Paediatric population: Semaglutide has not been studied in paediatric patients.
Toxicology: Preclinical safety data: Non-clinical data reveal no special hazard for humans based on conventional studies of safety pharmacology, repeated dose toxicity or genotoxicity.
Non-lethal thyroid C-cell tumours observed in rodents are a class effect for GLP-1 receptor agonists. In 2-year carcinogenicity studies in rats and mice, semaglutide caused thyroid C-cell tumours at clinically relevant exposures. No other treatment-related tumours were observed. The rodent C-cell tumours are caused by a non-genotoxic, specific GLP-1 receptor mediated mechanism to which rodents are particularly sensitive. The relevance for humans is considered to be low, but cannot be completely excluded.
In fertility studies in rats, semaglutide did not affect mating performance or male fertility. In female rats, an increase in oestrous cycle length and a small reduction in corpora lutea (ovulations) were observed at doses associated with maternal body weight loss.
In embryo-foetal development studies in rats, semaglutide caused embryotoxicity below clinically relevant exposures. Semaglutide caused marked reductions in maternal body weight and reductions in embryonic survival and growth. In foetuses, major skeletal and visceral malformations were observed, including effects on long bones, ribs, vertebrae, tail, blood vessels and brain ventricles. Mechanistic evaluations indicated that the embryotoxicity involved a GLP-1 receptor mediated impairment of the nutrient supply to the embryo across the rat yolk sac. Due to species differences in yolk sac anatomy and function, and due to the lack of GLP-1 receptor expression in the yolk sac of non-human primates, this mechanism is considered unlikely to be of relevance to humans. However, a direct effect of semaglutide on the foetus cannot be excluded.

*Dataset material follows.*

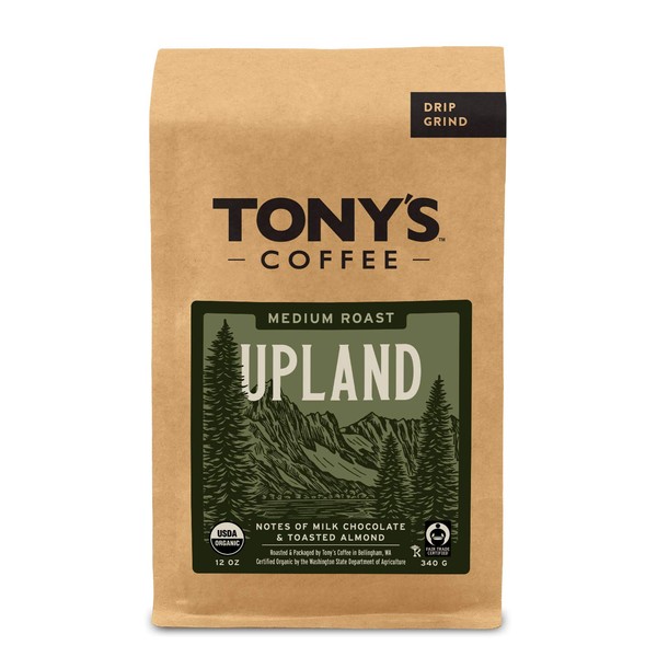 Tony's Coffee, Upland (12oz), Medium Roast Ground Coffee, Organic and Fair Trade

In developmental toxicity studies in rabbits and cynomolgus monkeys, increased pregnancy loss and slightly increased incidence of foetal abnormalities were observed at clinically relevant exposures. The findings coincided with marked maternal body weight loss of up to 16%. Whether these effects are related to the decreased maternal food consumption as a direct GLP-1 effect is unknown.
Postnatal growth and development were evaluated in cynomolgus monkeys. Infants were slightly smaller at delivery, but recovered during the lactation period.
In juvenile rats, semaglutide caused delayed sexual maturation in both males and females. These delays had no impact upon fertility and reproductive capacity of either sex, or on the ability of the females to maintain pregnancy.